Assigned task: Leaving all pictures out, output exactly and only the line containing "According to the" and the lines that follow it to the end of the material below.

Data for this exercise:

══════════

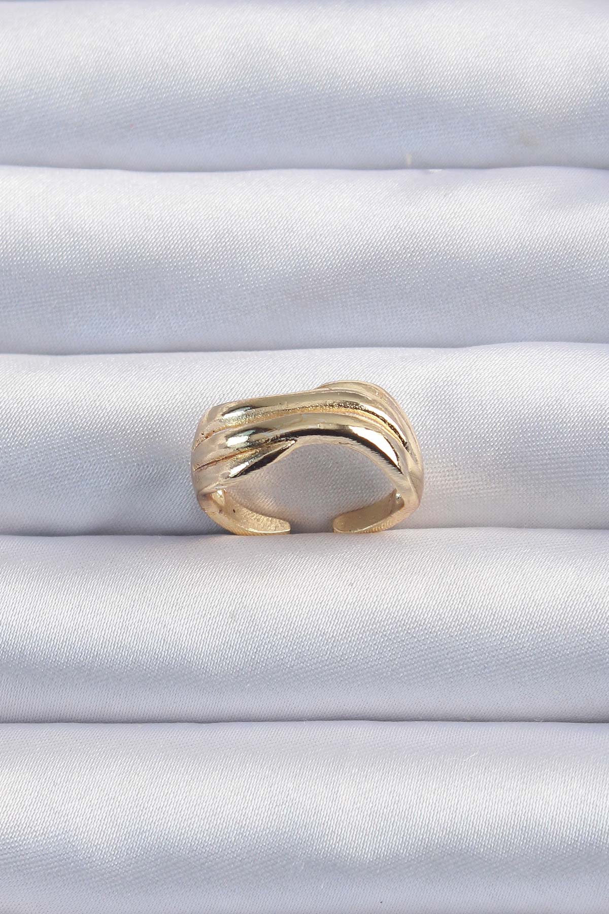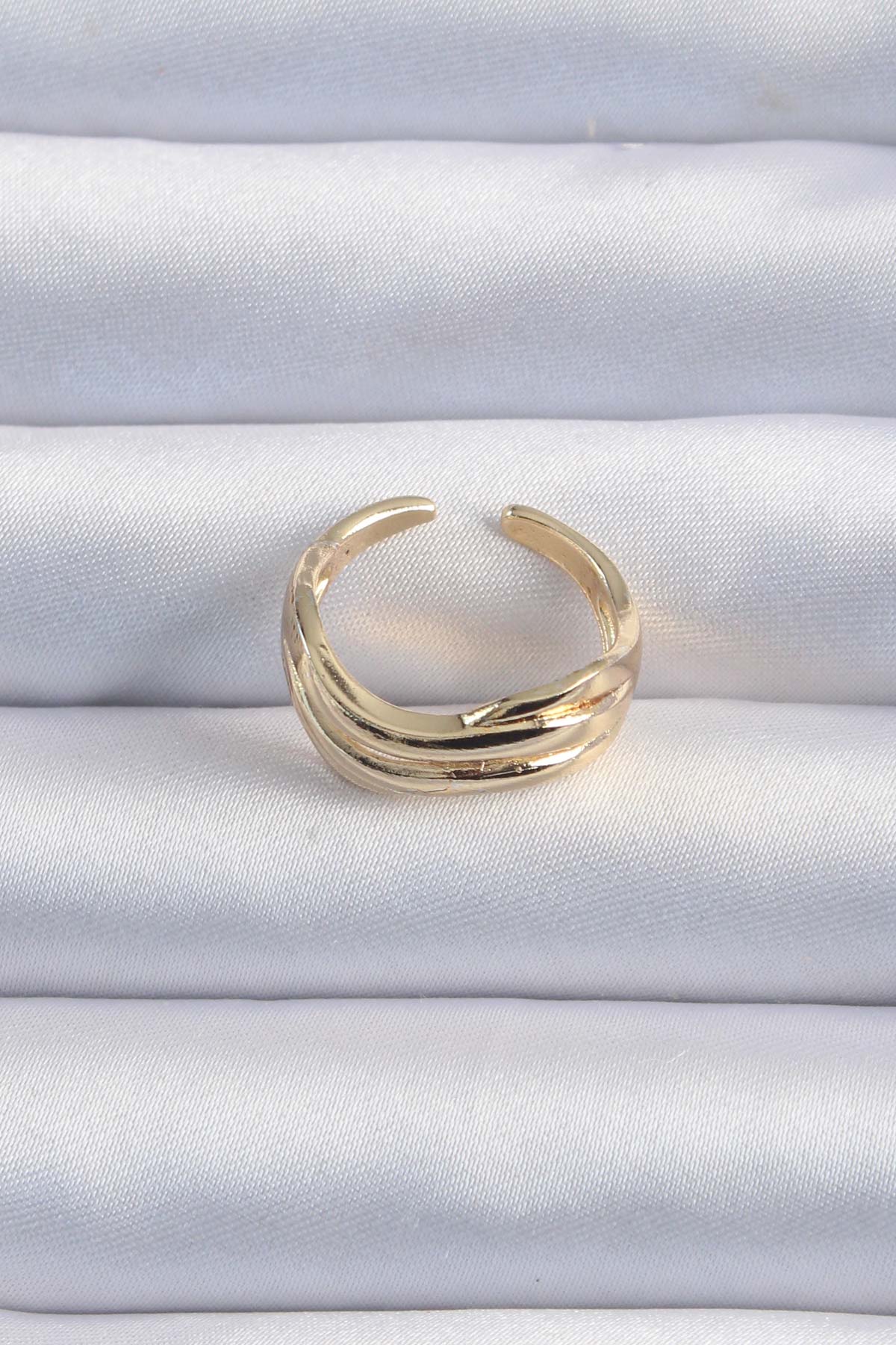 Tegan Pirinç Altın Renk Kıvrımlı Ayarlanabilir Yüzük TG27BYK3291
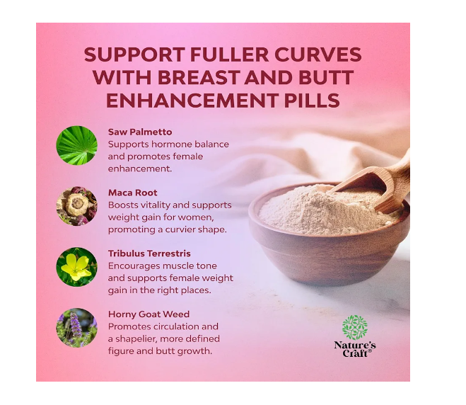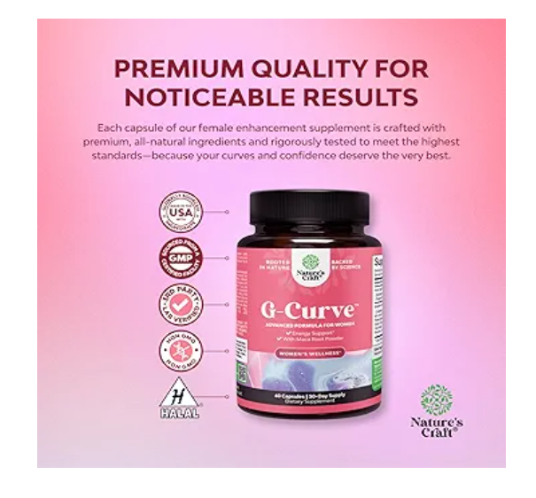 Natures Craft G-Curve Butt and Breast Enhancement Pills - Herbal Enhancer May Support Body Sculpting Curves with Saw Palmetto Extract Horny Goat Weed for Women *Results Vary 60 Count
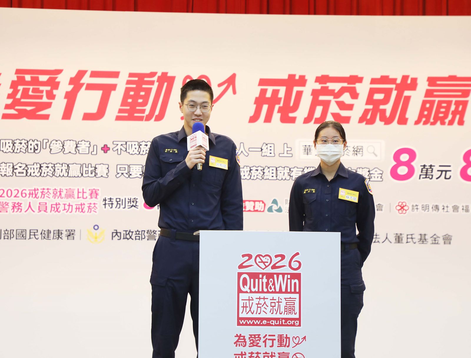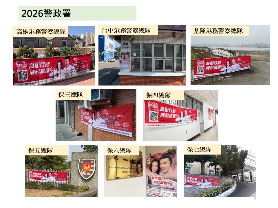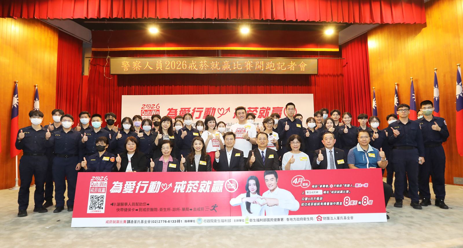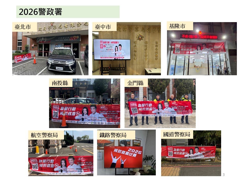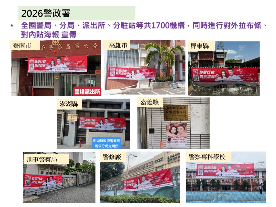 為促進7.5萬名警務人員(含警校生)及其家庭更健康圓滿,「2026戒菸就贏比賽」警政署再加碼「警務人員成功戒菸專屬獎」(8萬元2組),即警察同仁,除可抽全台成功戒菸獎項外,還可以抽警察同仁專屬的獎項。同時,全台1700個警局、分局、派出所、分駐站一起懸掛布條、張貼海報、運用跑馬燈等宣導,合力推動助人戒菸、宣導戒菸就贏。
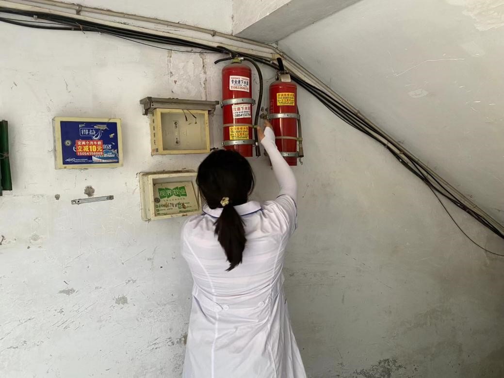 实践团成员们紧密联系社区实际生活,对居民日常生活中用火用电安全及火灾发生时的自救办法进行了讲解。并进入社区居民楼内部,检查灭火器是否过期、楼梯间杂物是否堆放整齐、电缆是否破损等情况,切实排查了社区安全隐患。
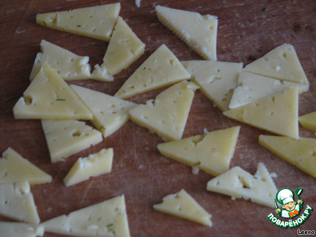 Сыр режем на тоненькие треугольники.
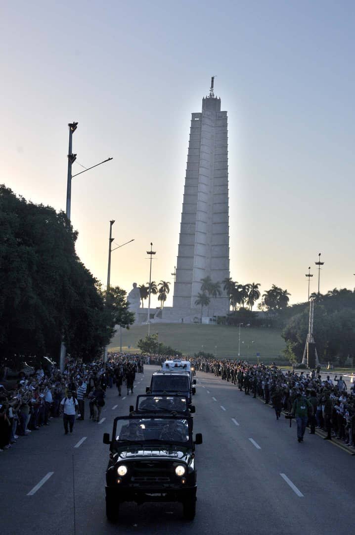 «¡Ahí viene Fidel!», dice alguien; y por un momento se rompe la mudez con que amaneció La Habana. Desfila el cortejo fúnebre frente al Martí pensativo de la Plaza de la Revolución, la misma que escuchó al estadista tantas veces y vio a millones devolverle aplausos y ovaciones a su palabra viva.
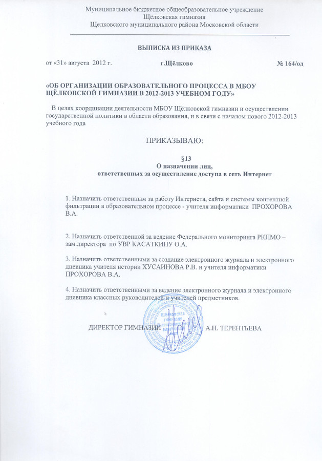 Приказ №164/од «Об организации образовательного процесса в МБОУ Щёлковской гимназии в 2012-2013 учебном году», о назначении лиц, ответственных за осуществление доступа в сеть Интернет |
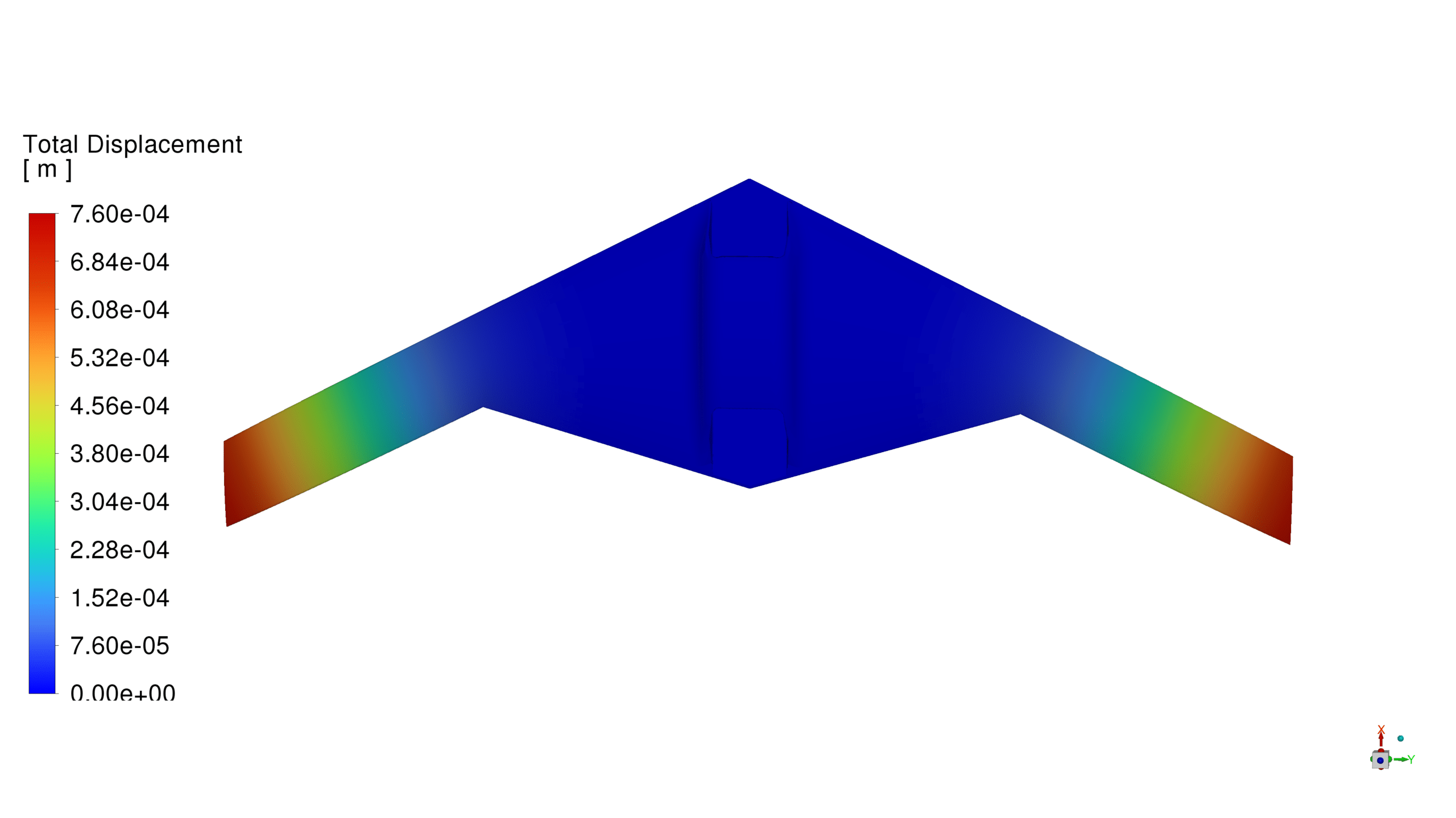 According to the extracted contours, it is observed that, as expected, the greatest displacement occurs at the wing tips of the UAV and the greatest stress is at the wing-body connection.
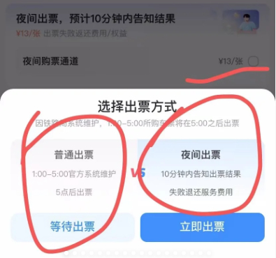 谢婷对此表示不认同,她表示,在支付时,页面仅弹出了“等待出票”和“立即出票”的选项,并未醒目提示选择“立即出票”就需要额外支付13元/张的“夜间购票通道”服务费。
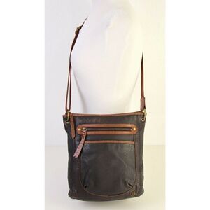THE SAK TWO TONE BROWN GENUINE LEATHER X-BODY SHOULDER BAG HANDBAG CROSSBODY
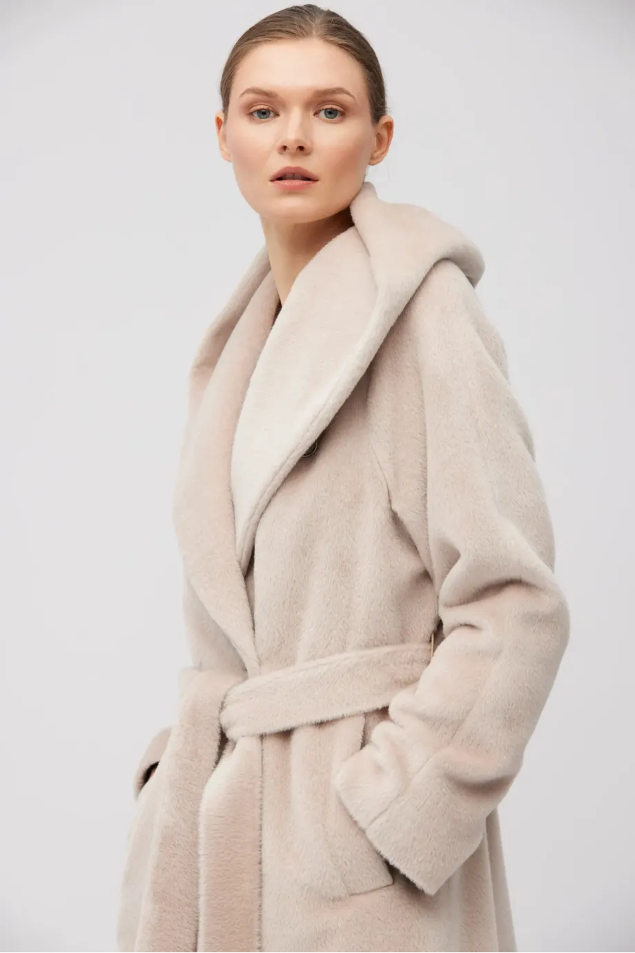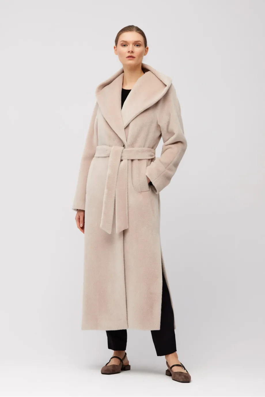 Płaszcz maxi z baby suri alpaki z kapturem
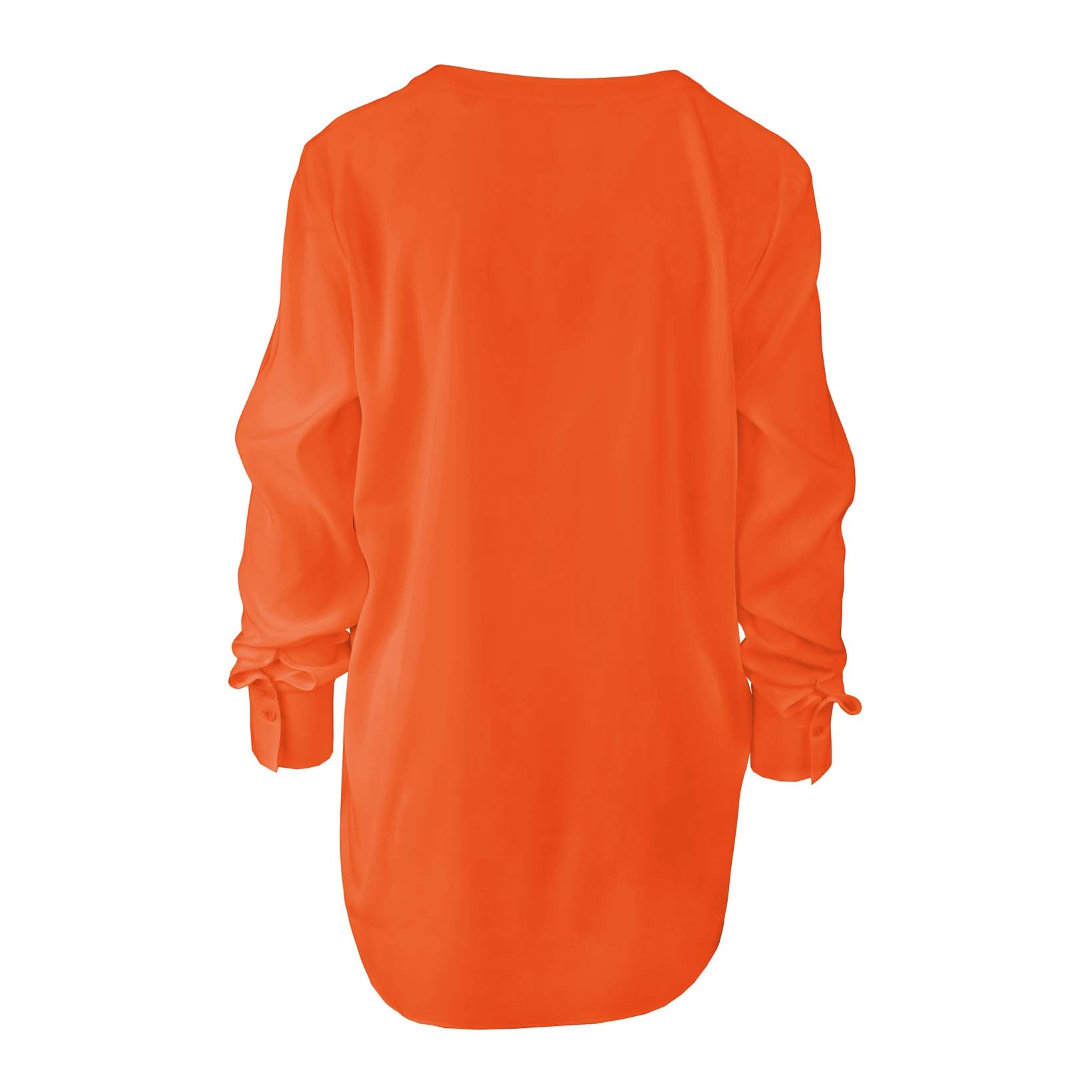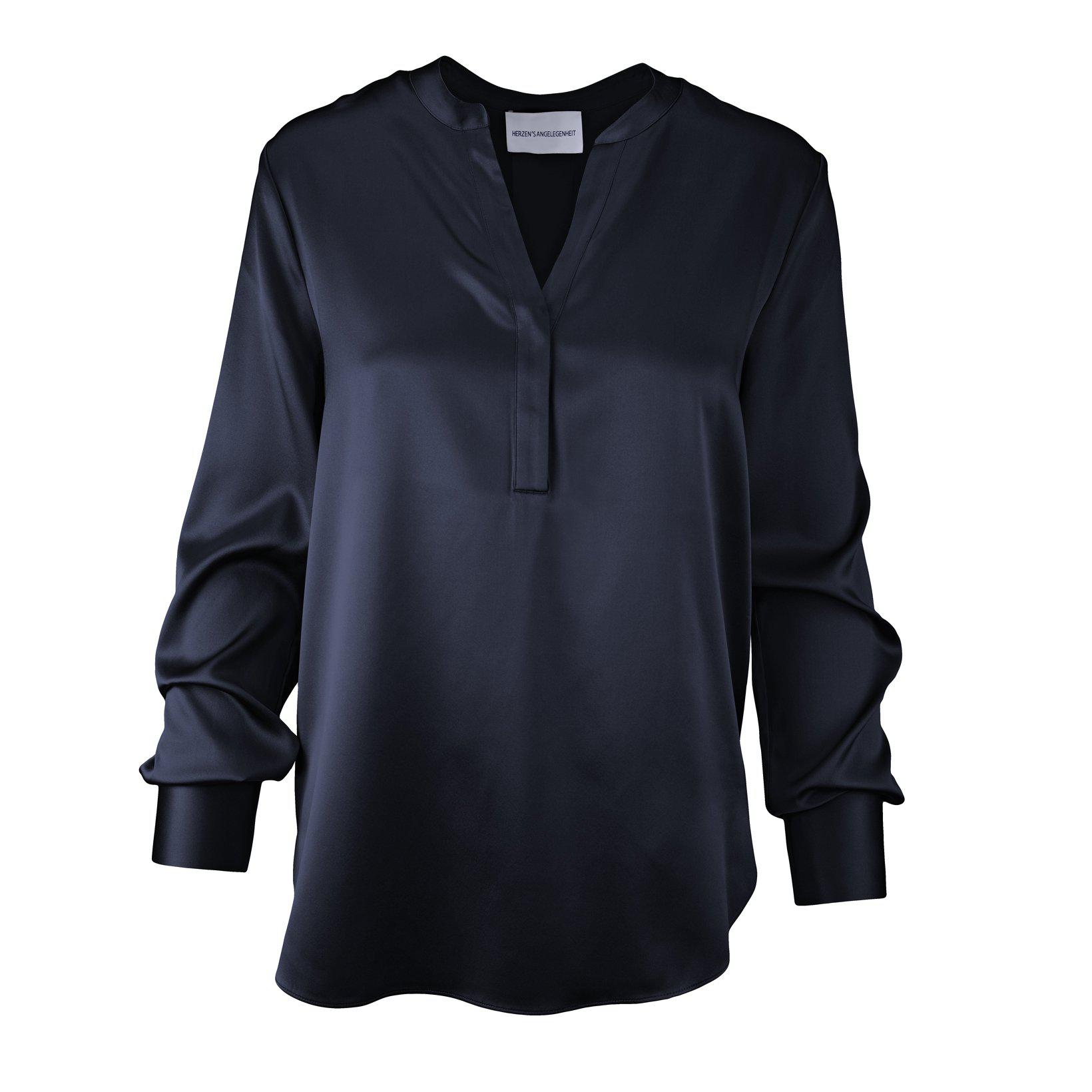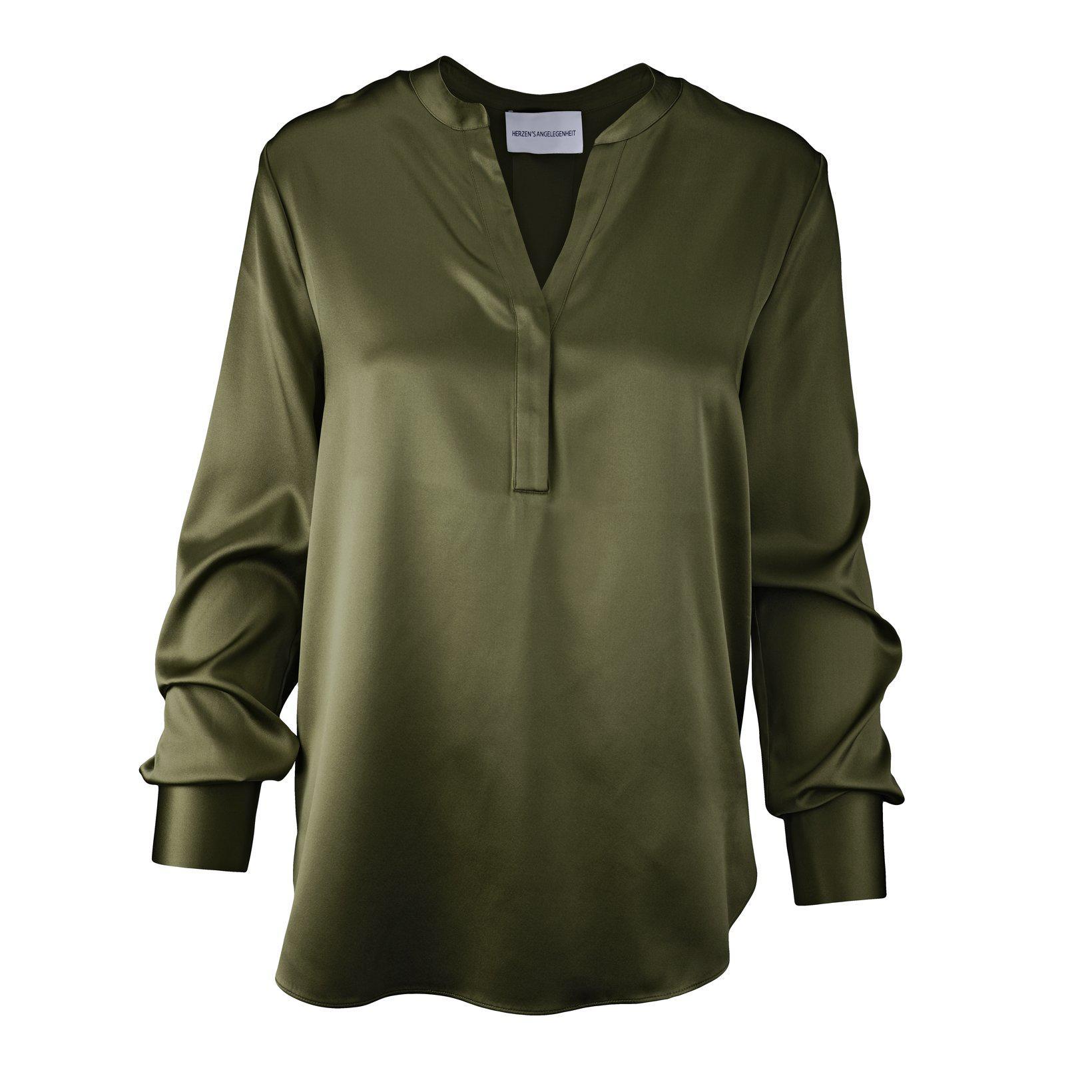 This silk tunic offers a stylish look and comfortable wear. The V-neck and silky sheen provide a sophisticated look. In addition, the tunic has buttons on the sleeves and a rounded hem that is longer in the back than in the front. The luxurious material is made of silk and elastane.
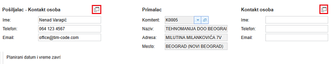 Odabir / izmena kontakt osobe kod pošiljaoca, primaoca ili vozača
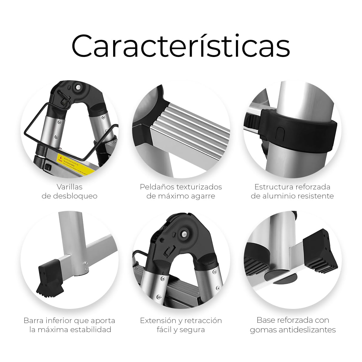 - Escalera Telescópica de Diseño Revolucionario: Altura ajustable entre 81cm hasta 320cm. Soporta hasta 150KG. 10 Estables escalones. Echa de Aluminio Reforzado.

══════════

Task result:
 According to the extracted contours, it is observed that, as expected, the greatest displacement occurs at the wing tips of the UAV and the greatest stress is at the wing-body connection.
 谢婷对此表示不认同,她表示,在支付时,页面仅弹出了“等待出票”和“立即出票”的选项,并未醒目提示选择“立即出票”就需要额外支付13元/张的“夜间购票通道”服务费。
THE SAK TWO TONE BROWN GENUINE LEATHER X-BODY SHOULDER BAG HANDBAG CROSSBODY
 Płaszcz maxi z baby suri alpaki z kapturem
 This silk tunic offers a stylish look and comfortable wear. The V-neck and silky sheen provide a sophisticated look. In addition, the tunic has buttons on the sleeves and a rounded hem that is longer in the back than in the front. The luxurious material is made of silk and elastane.
 Odabir / izmena kontakt osobe kod pošiljaoca, primaoca ili vozača
 - Escalera Telescópica de Diseño Revolucionario: Altura ajustable entre 81cm hasta 320cm. Soporta hasta 150KG. 10 Estables escalones. Echa de Aluminio Reforzado.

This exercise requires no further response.